Fluticasone furoate nasal spray slows growth velocity in young children
Published Online: May 23, 2014
Nasal steroid sprays are very effective treatments for patients with allergic rhinitis (AR or hay fever). However, it is known that steroid sprays may slow growth in children, and clinicians are advised to monitor growth in children for whom steroid sprays are prescribed. Studies with different intranasal steroid sprays have measured a growth rate between 0.9 cm and 0.2 cm slower during one year of treatment. However, in some studies, growth rates in children receiving a steroid spray were not clearly different compared with those who received placebo, perhaps due to methodological differences in the studies or ages of the children.

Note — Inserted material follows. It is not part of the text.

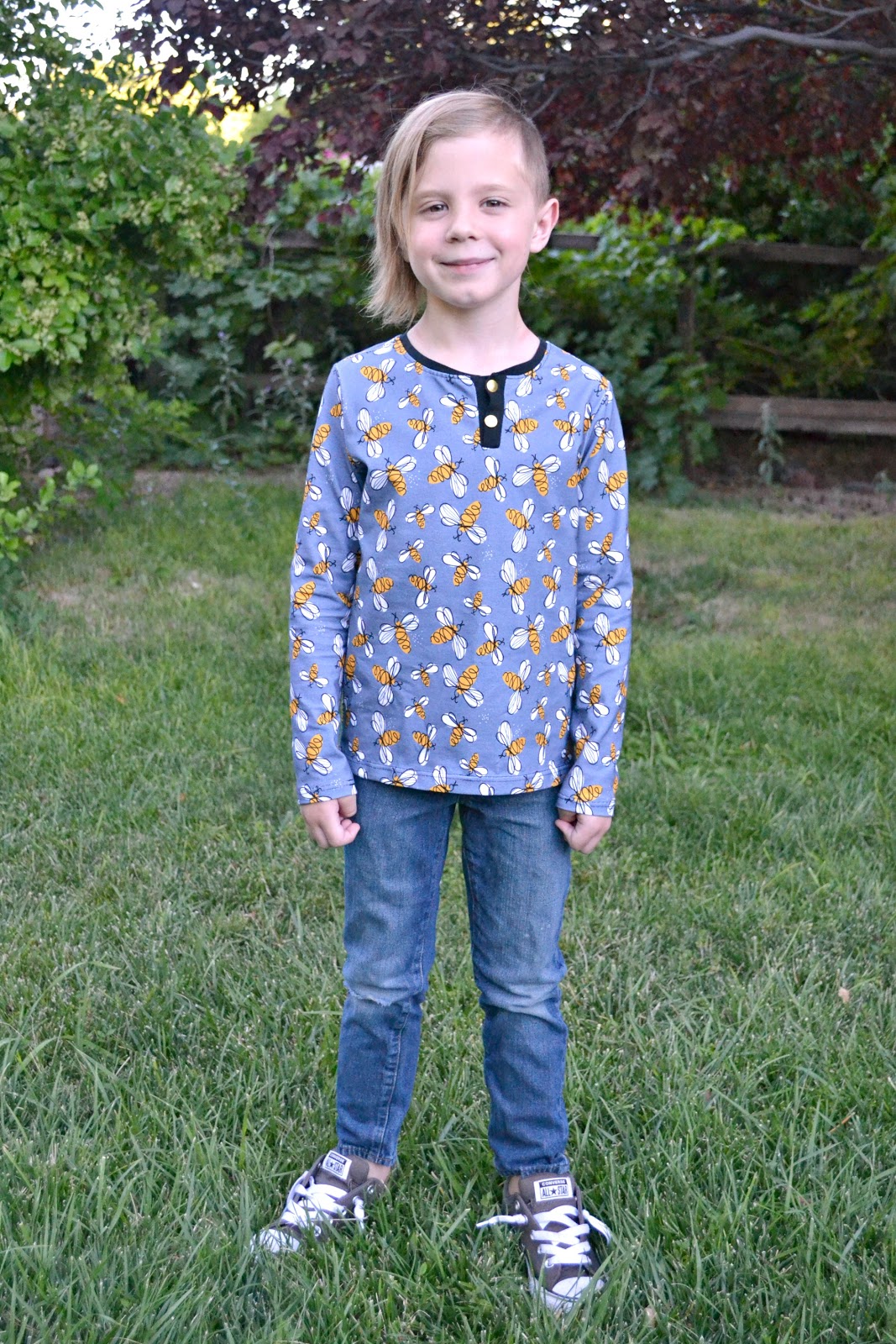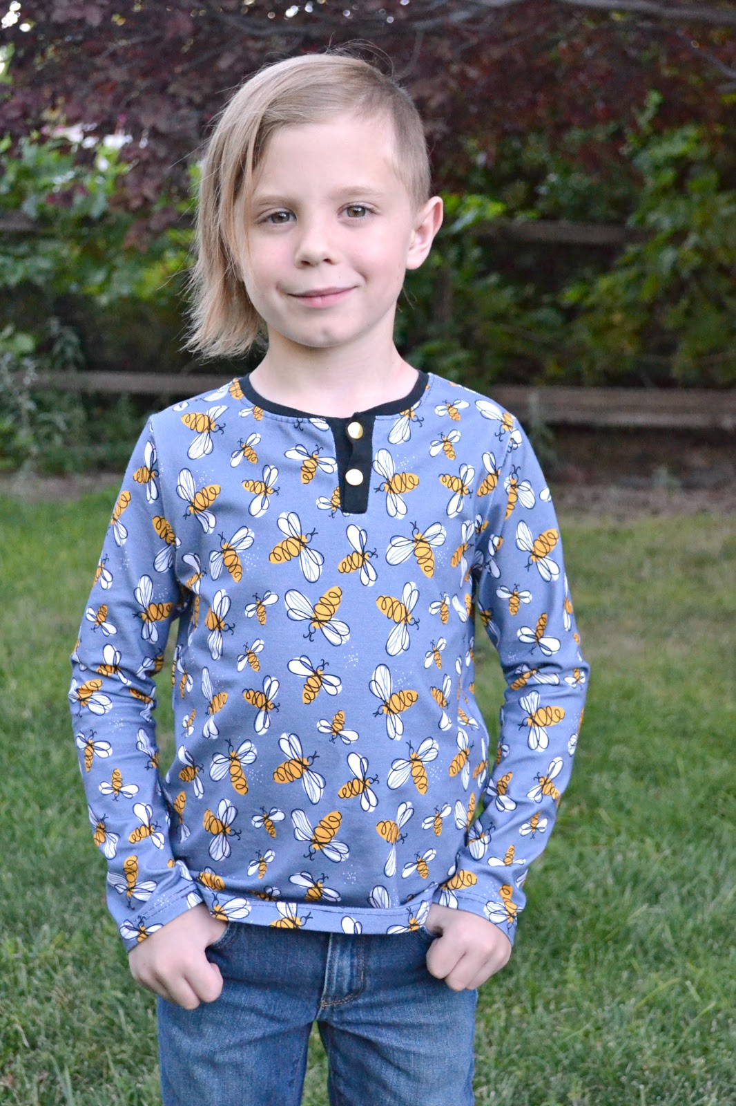 The fabric is Mimi's Custom Fabric Bee's that Jude picked out especially because he loves them. He's also really into all the long sleeved shirts and hoodies and jeans. We live in the desert and it's been over 100 degree's every day! And this child wants long sleeved shirts, hoodies, and jeans!

In a study recently published in The Journal of Allergy and Clinical Immunology: In Practice, Lee and colleagues precisely measured growth rates in children between 5 and 8 years of age when they were treated with fluticasone furoate nasal spray, receiving 110 mcg daily (2 sprays each nostril) for one year, compared to placebo. These children were allergic to year-round allergens such as pets or house dust mites and had moderate allergy symptoms (a score of 5 out of 12 for nasal itching, sneezing, drainage and congestion). The children had their height measured every month for four months before starting treatment, during the year of treatment, and for two months after treatment. Every day they also electronically recorded a score for their nasal symptoms and if they took their study medication. As this was a long term placebo controlled study, the children were also able to take an allergy medication by mouth (loratidine) on an as needed basis.
474 children participated in the study; half of them received fluticasone furoate nasal spray and the other half received placebo. Their mean age was 6.2 years. Growth rates were reduced on average by 0.27 cm (as much as 0.48 cm and as little as 0.06 cm) in children treated with fluticasone furoate nasal spray compared to placebo. Nasal symptoms improved in both the patients receiving fluticasone furoate nasal spray and those receiving placebo, though slightly more in those receiving the nasal spray.
The investigators conclude that growth was slower in young children treated with fluticasone furoate nasal spray every day for one year. The reduction in nasal symptoms supports that subjects were compliant with their study treatments. The treatment difference in nasal symptoms compared with placebo was smaller than in other studies designed to measure efficacy of fluticasone furoate nasal spray, probably because rescue medication was also allowed to be used. The study supports general practice guidelines for clinicians to discuss potential risks of steroid treatment with their patients or caregivers, to monitor growth in children, and to use the lowest effective dose to control symptoms. The dosage used in this study was 110 mcg daily (2 sprays in each nostril). The recommended starting dosage of fluticasone furoate nasal spray in children is 55 mcg once daily (1 spray in each nostril), increasing to 2 sprays in each nostril daily for children not adequately responding and reducing once symptoms have been controlled.
The main difference between this study and other nasal steroid studies evaluating growth is the large sample size and the narrow age range of the patients studied. Over 400 subjects participated in this study compared to approximately 100-200 subjects in other studies, allowing the authors to detect a small difference in growth and to conclude that the difference was a real effect of the study treatment. As growth rates vary quite a bit depending on the age of the child, genetic makeup, nutrition, medical conditions, and their treatments other than for AR, the clinician is best positioned to determine the likely benefits and risks of a potential therapy. To facilitate this decision-making process and discussions with caregivers, this fluticasone furoate nasal spray study clearly defines a range of growth suppression that a young child may experience after a year of continuous treatment at the highest prescribed dose: on average 0.27 cm (1/8th of an inch), with a range of effects up to 0.48 cm (3/16th of an inch) or as little as 0.06 cm (1/32nd of an inch). This risk should be balanced with the potential benefit of reducing nasal allergy symptoms.
The Journal of Allergy and Clinical Immunology: In Practice is an official journal of the AAAAI, focusing on practical information for the practicing clinician.